Feeling chilled, she got down from the swing and walked off, but after she had made a few steps, she heard a terrible crack and crash behind her. The swing collapsed – all of it, together with the rotten poles.

Nina was not superstitious or easily scared but that incident left her with a sad feeling, as if yet another thread – be it an illusory one – that had connected her to her past had broken, exposing her solitude and confusion in the face of life. “Mama, mama, where are you?”

One day Nina went to a university friend’s party. The friend and her husband had just moved to a new apartment and a large bunch from their former student group gathered for a house-warming. It was the first time Nina found herself at such a get-together. She was looking into the faces around her with a strange feeling – they were both startlingly familiar and already noticeably different, changed.

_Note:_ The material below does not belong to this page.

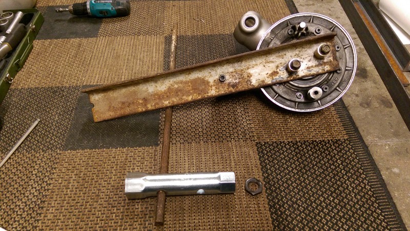 Zum Lösen der Mutter braucht man einen SW 36mm Schlagnuss in lang . Normale Langnuss geht auch. Mit dem Propanbrenner die Mutter anwärmen und mit dem Schlagschrauber öffnen.

Nina was not especially close with anyone in that set, but she enjoyed plunging in the atmosphere of common jokes, recollections and rumors. They gossiped about those of their mates who had got married or divorced, gone abroad or come back. Life was raising or sinking people, spinning them and tossing them about – as a rule, giving them something very different from what they had hoped for in their student years.

Nina was respected here as the most able student in the group and one who had landed the best job among them all after graduation. When she told them that she had left her prestigious investment company for a doubtful bank, they were surprised at first but then nodded and clicked their tongues appreciatively, showing that they understood what kind of dealings she was engaged in now. Trying to dissuade them, Nina told the exact truth – that she was stuck with boring accounting and had committed forgery only once. That caused a burst of laughter.